3. Feed skinless chicken necks as part of their meal. It has naturally occurring calcium.
4. Gently pinch the base of the ears together and massage the base without bending the upper ear.
5. Unflavored Gelatin powder: Sprinkle on 2 Tablespoons per feeding. This is found by the “Jello” in the grocery store. It is made from animal collagen. The brand name is Knox Unflavored Gelatin or Great Lakes Unflavored Gelatin.

Moms


----------



## Nieradzik

Thank you for the suggestions. I do give her the large rawhides and she chews on those all day. I will look into the other ideas. 

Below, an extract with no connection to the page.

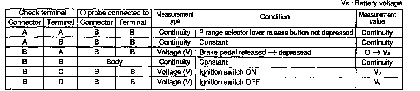 3. If not as specified, repair the wire harness and/or replace the shift-lock actuator.

Could her size (60 lbs at 6 mos) have anything to do with why they are floppy?


----------



## Momto2GSDs

Nieradzik said:


> Thank you for the suggestions. I do give her the large rawhides and she chews on those all day. I will look into the other ideas.
> 
> Could her size (60 lbs at 6 mos) have anything to do with why they are floppy?


Rawhides are very dangerous! Can cause bowel obstruction! Never leave dog unattended if you give him this.

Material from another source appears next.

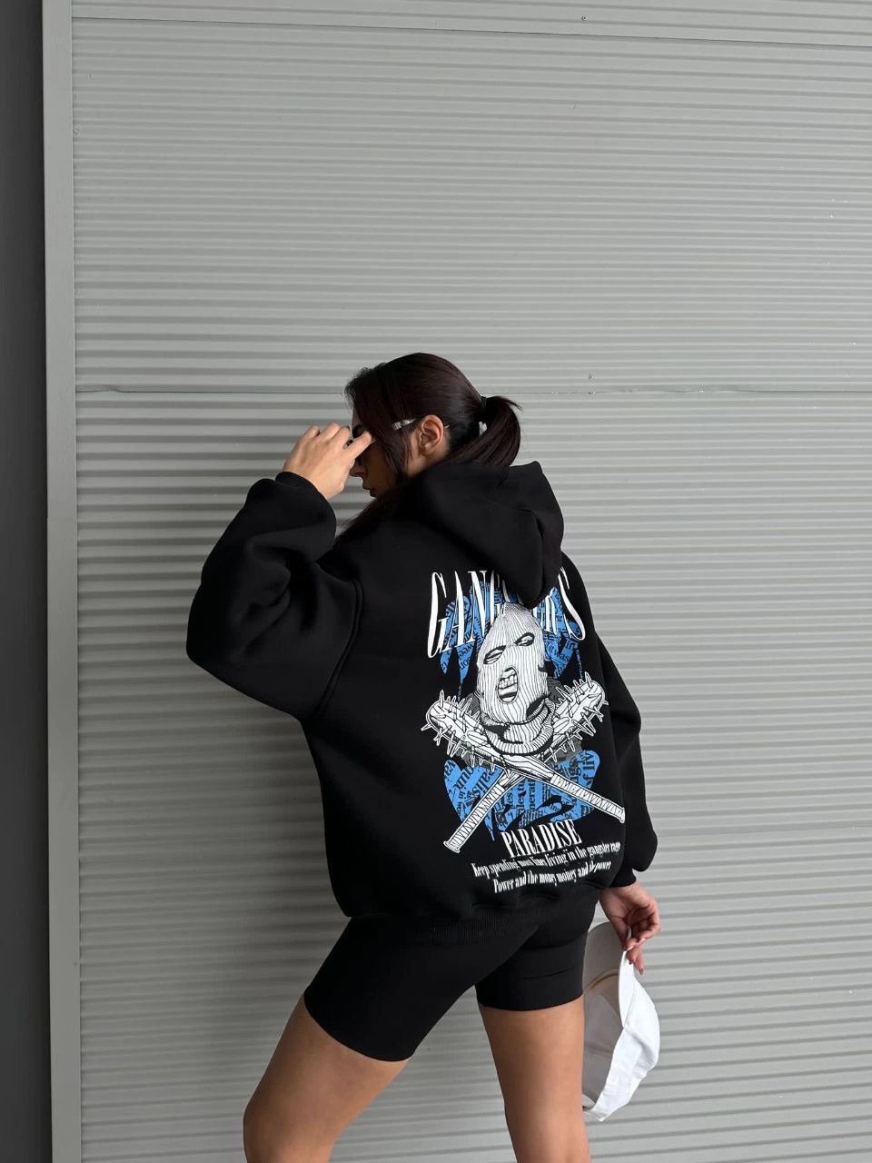 3 İplik Şardonlu Oversize Kafa Baskılı Sweat Siyah (Beden: L)

Hard to say why ears are floppy. If ear leather is thin could be another possibility.

Moms


----------



## mardad

We had to have emergency surgery on a Rotty and a pit because of the rawhide chews. Put a kink in their intestines. Don't know if GSD's have the same problem. Just FYI.


----------



## Nieradzik

Oh crap. I didn't know that. I got the extra large ones so she just chews them. I've always supervised her with them...guess I will get something else for her. 

Her ear leather is thinner it seems. Can I do anything to strengthen that, or will that happen on its own in time?


----------



## annabirdie

Have her chew bully sticks or beef trachea instead - none of the same risks. 

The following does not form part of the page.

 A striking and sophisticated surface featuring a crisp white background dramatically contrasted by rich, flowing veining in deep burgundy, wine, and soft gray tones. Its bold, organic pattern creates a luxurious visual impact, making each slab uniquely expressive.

My dog was born May 5th so she is coming up on 6 months. Her ears just came up this week - they have been up and down throughout the last 3 months but the last few days they came up again. 

They do say that the ears, if they were ever up, will return to an up position - but I don't really know this from experience.

Good luck-


----------



## Nieradzik

I was wondering what kind of dog food you recommend and if there is any food that may help her ears. She is currently on the Nature Balance Puppy Food. 

I tried taping this weekend and she HATES it. Tried again after it came off and she won't even let me near her ears. I went back to gluing with Tear Mender, the next morning they were apart. 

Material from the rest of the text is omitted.